Marco Missiroli è tutto tranne una rivelazione del nostro panorama letterario, eppure ammetto con candore che per me rappresenta una scoperta. Grazie alla sua comparsa tra i 57 testi proposti per il Premio Strega 2019, che si è poi trasformata nell’ingresso alla dozzina dei candidati, mi sono avvicinata al suo Fedeltà e ci ho trovato molto quotidiano, una storia che può essere di tutti quelli che la leggono, in cui si possano ritrova facilmente se stessi o persone vicine.
E ci si ritrova la routine, che a volte stanca, che va avanti per inerzia, accompagnata dalla descrizione di una grande città caratterizzata da colori plumbei, freddi, che sanno di acciaio, opachi e malinconici.
In una scrittura fitta e continua, senza una suddivisione in capitoli e con repentini cambi di punti di vista, la narrazione ruota intorno al MALINTESO. Le cose non dette, le azioni non concluse, le apparenze che non fanno il monaco si snodano, avvolgono i protagonisti e li fanno andare avanti, in molteplici vite vissute parallelamente, ma che possono convivere anche tra sé.
Domande chiave del libro sono “Che cos’è la fedeltà?” e “Che cos’è il tradimento?” .

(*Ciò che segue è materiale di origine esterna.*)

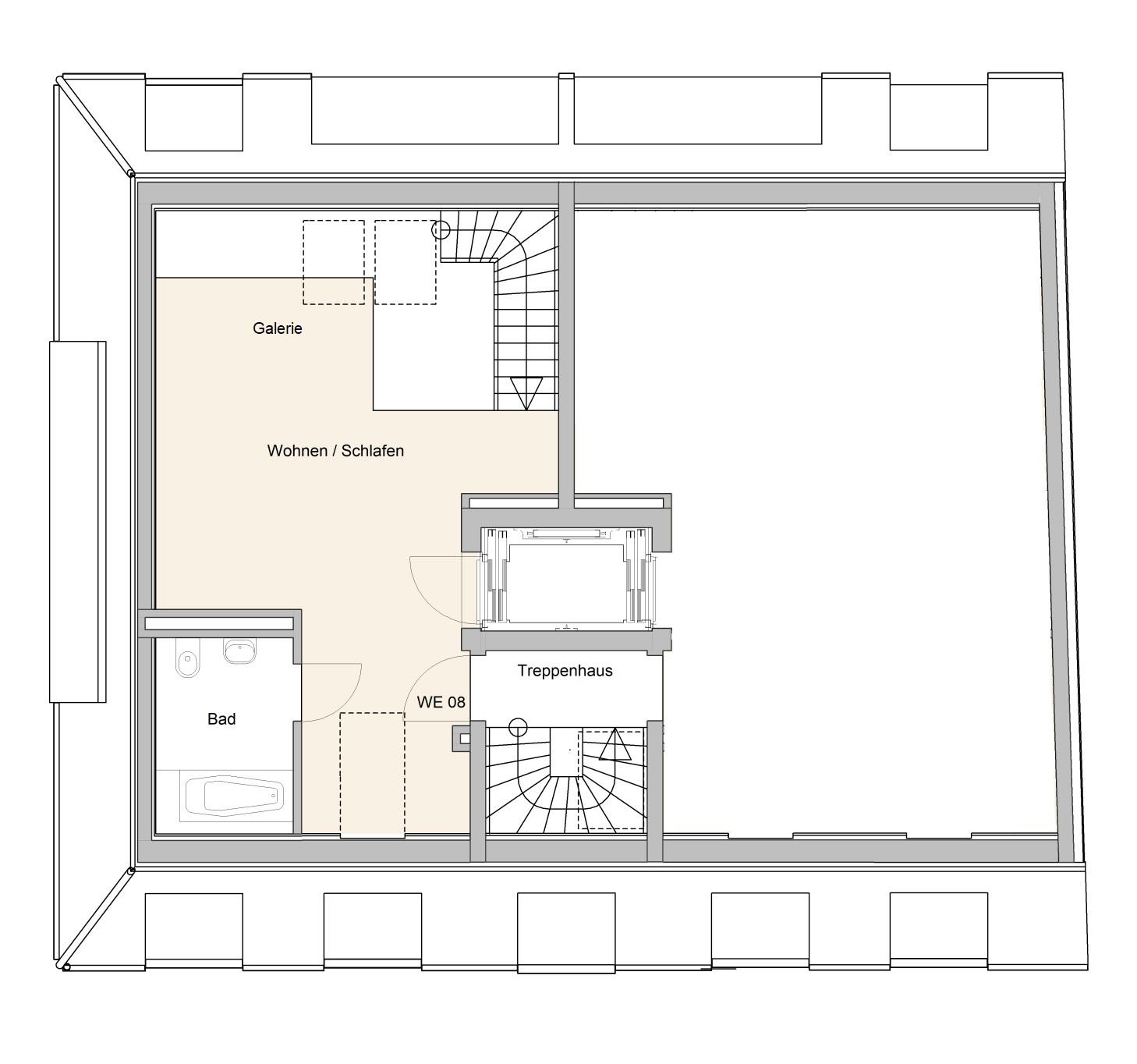 Die interessante und ansprechende Galeriewohnung befindet sich im 4.Obergeschoß/Dachgeschoß des Objektes, ist barrierefrei erreichbar und punktet mit einer modernen und stilvollen Ausstattung.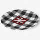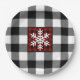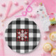 Black, White, Red Buffalo Plaid, Snowflake Paper Plate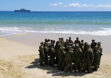| Keywords: US Navy 050629-N-1397H-079 U.S. Marines assigned to the 3rd Amphibious Assault Battalion based out of Camp Pendleton, Calif., gather around for a brief before launching Amphibious Assault Vehicles (AAVs) from the beach.jpg en Kauai Hawaii June 29 2005 U S Marines assigned to the 3rd Amphibious Assault Battalion based out of Camp Pendleton Calif gather around for a brief before launching Amphibious Assault Vehicles AAVs from the beach for their return to the amphibious assault ship USS Peleliu LHA 5 following an overnight training exercise at the Pacific Missile Range Facility U S Navy photo by Photographer s Mate 2nd Class Prince A Hughes III RELEASED 2005-06-29 050629-N-1397H-079 Navy http //www navy mil/view_image asp id 26017 U S Navy photo by Photographer s Mate 2nd Class Prince A Hughes III PD-USGov-Military-Navy Pacific Missile Range Facility Barking Sands 3rd_Assault_Amphibian_Battalion |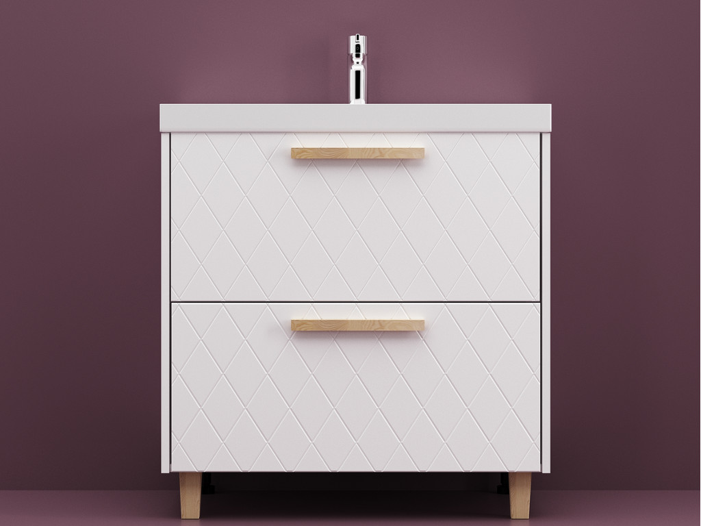 Тумба Кристалл 60 напольная 2 ящика ручка дуб, раковина Океан 60 Суфле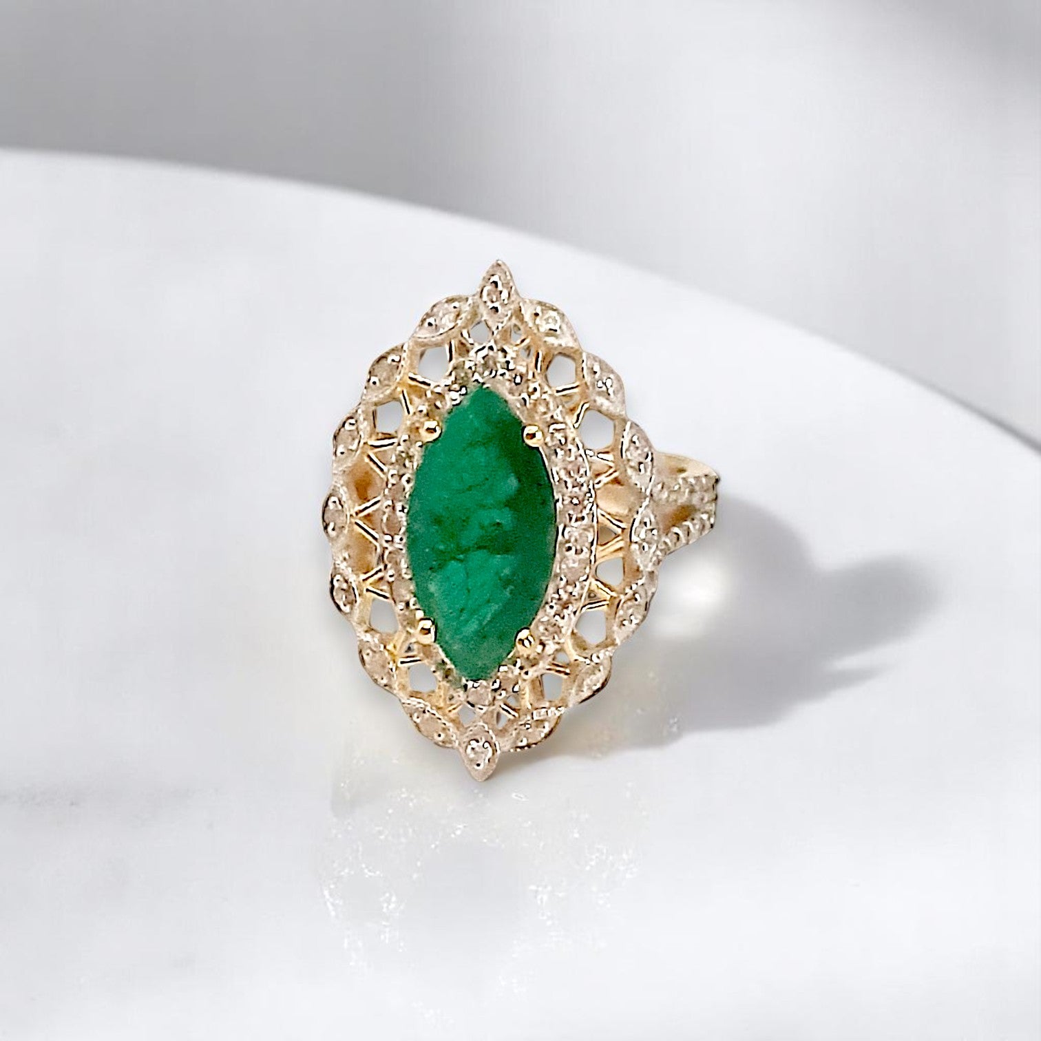 Elevate your elegance with the Queen’s Crest Ring. A bold emerald centerpiece is surrounded by a diamond-encrusted crest design, embodying grace, strength, and royalty in every detail.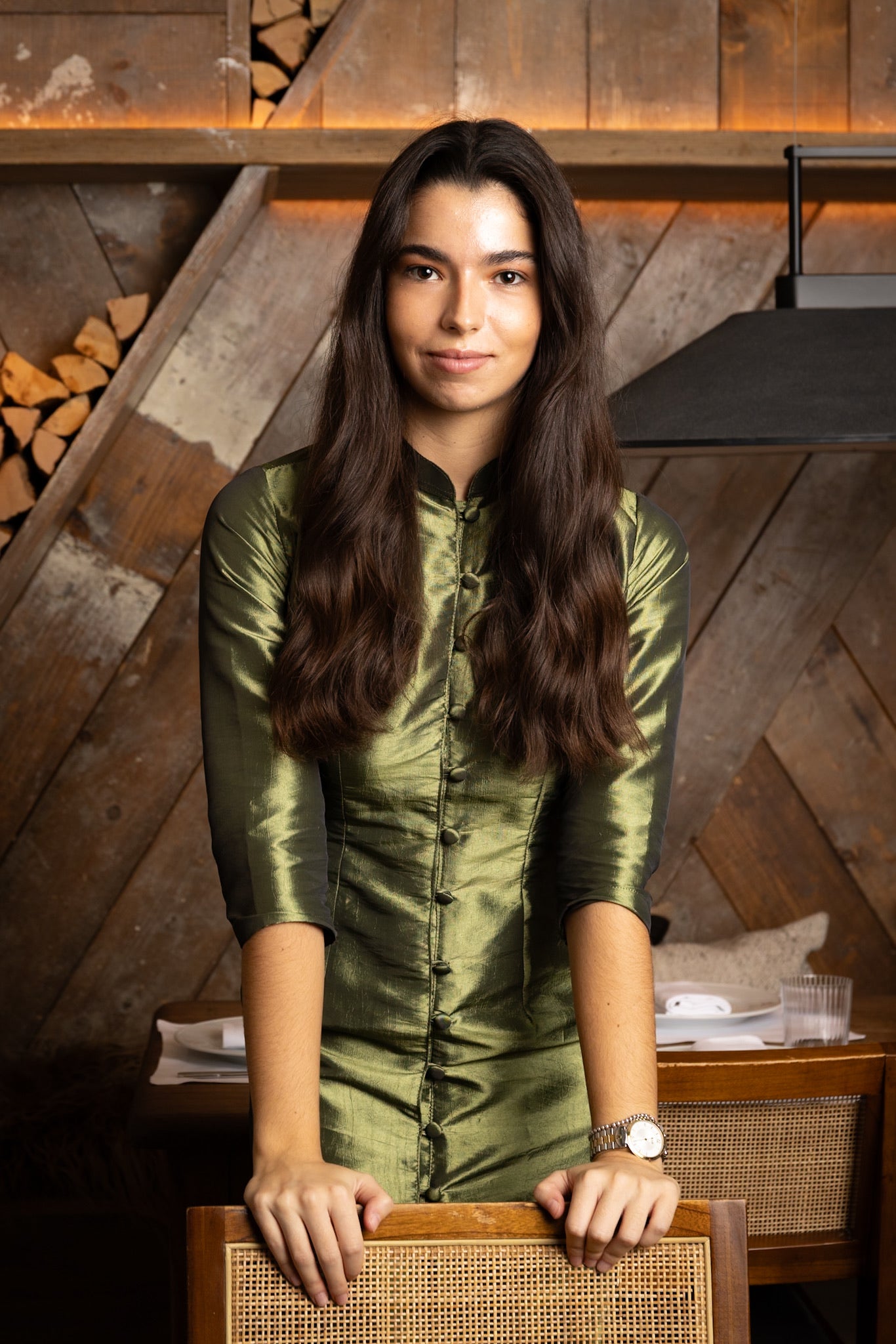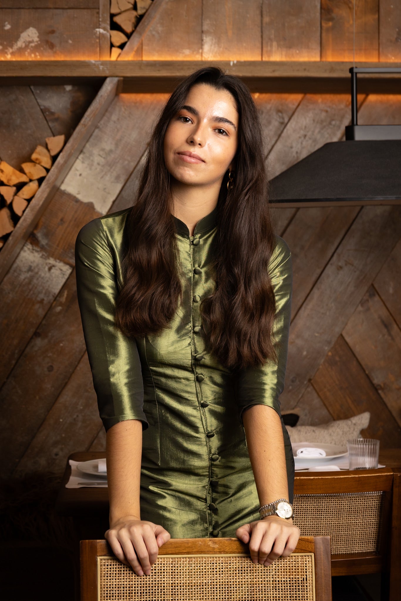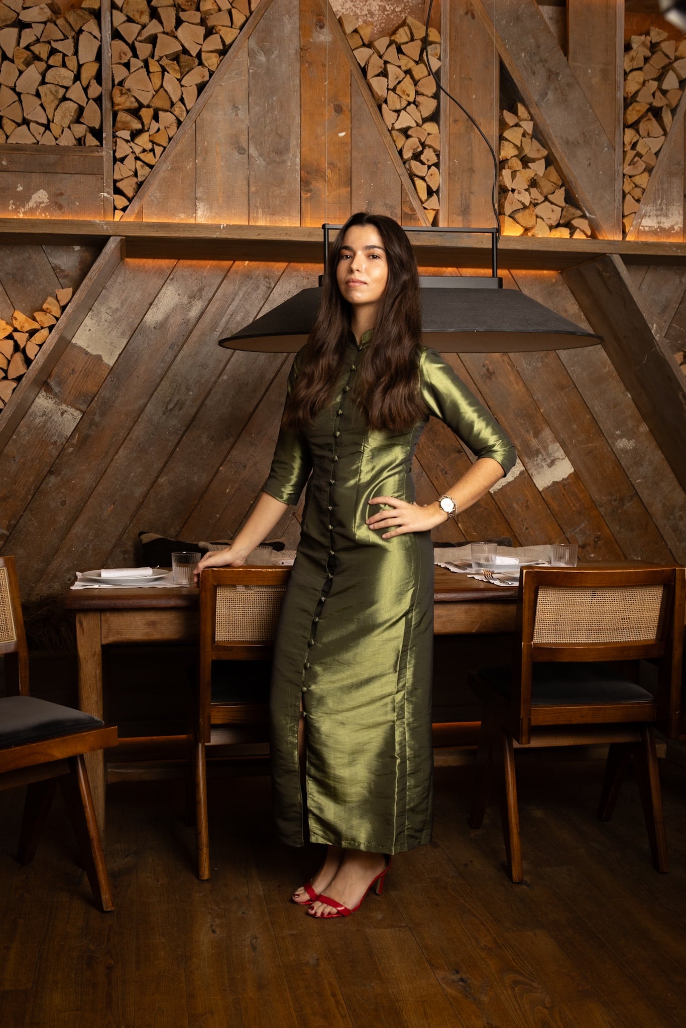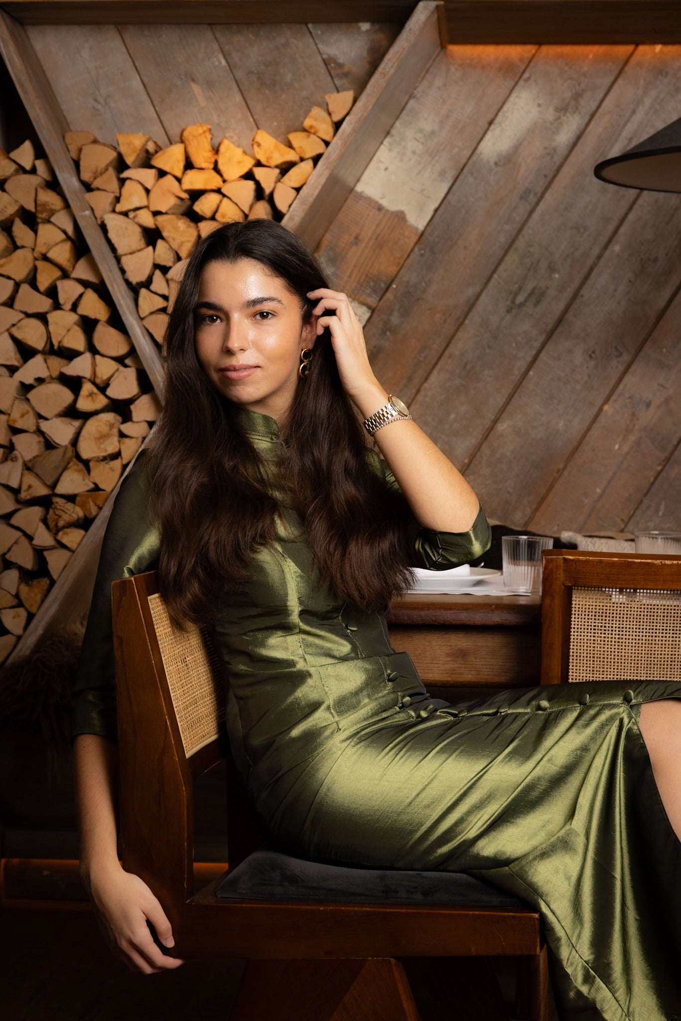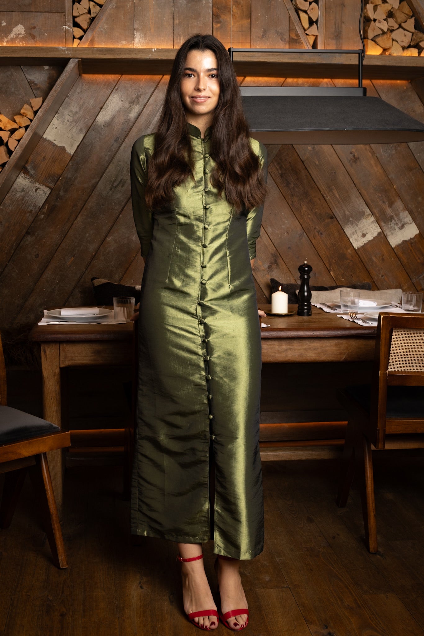 El vestido JULIETTA en color veres pistacho está confeccionado en seda tornasolada, con cuello mao y una elegante hilera central de botones. Su caída fluida y el forro interior aportan movimiento y comodidad con una manga 3/4.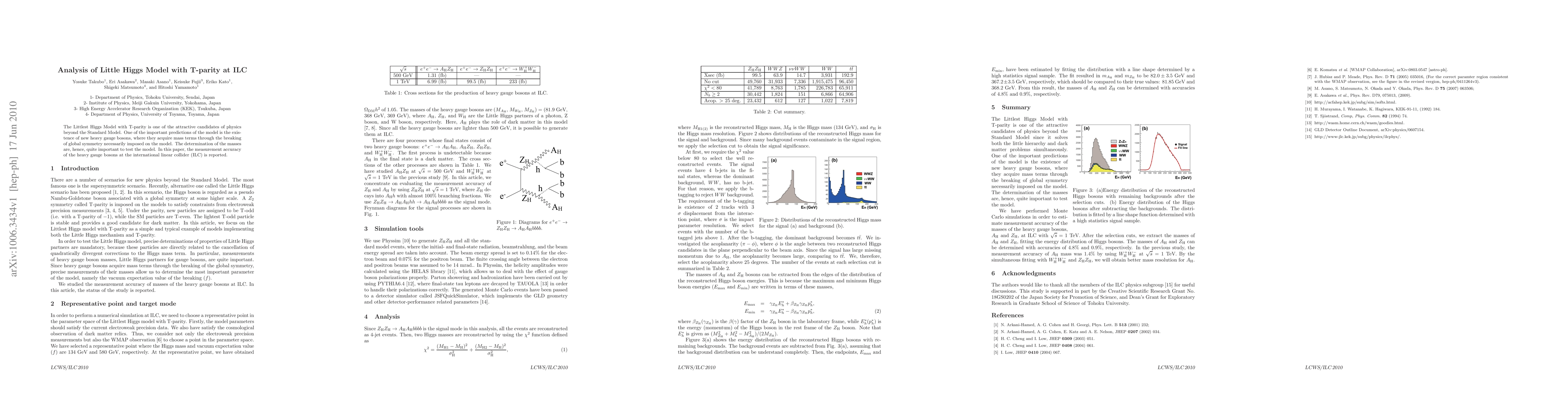 The Littlest Higgs Model with T-parity is one of the attractive candidates of physics beyond the Standard Model. One of the important predictions of the model is the existence of new heavy gauge bosons, where they acquire mass terms through the breaking of global symmetry necessarily imposed on the model. The determination of the masses are, hence, quite important to test the model. In this paper, the measurement accuracy of the heavy gauge bosons at the international linear collider (ILC) is reported.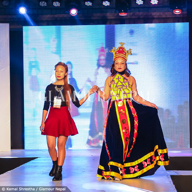 The dress is inspired from the typical cultural and architectural heritage of Norway, which is well known for its natural attraction and stunning vibrant cultural life.

A chi si è veramente fedeli? A un compagno, un marito, un amico, un lavoro, un ideale politico? Chi si tradisce? Un compagno, un marito, un amico, un lavoro, un ideale politico? Perché si è fedeli o si tradisce sempre qualcuno o qualcosa che è altro da sé. Magari focalizzarsi di più su se stessi e pensare che è più rilevante l’essere fedeli a se stessi e NON TRADIRSI, perché secondo me (e voglio essere forse estrema affermando questo, ma resto fedele a me stessa) si può essere fedeli a se stessi anche quando si è immersi nel tradimento, se questo è quello che ci rispecchia, che riflette la nostra propria condizione.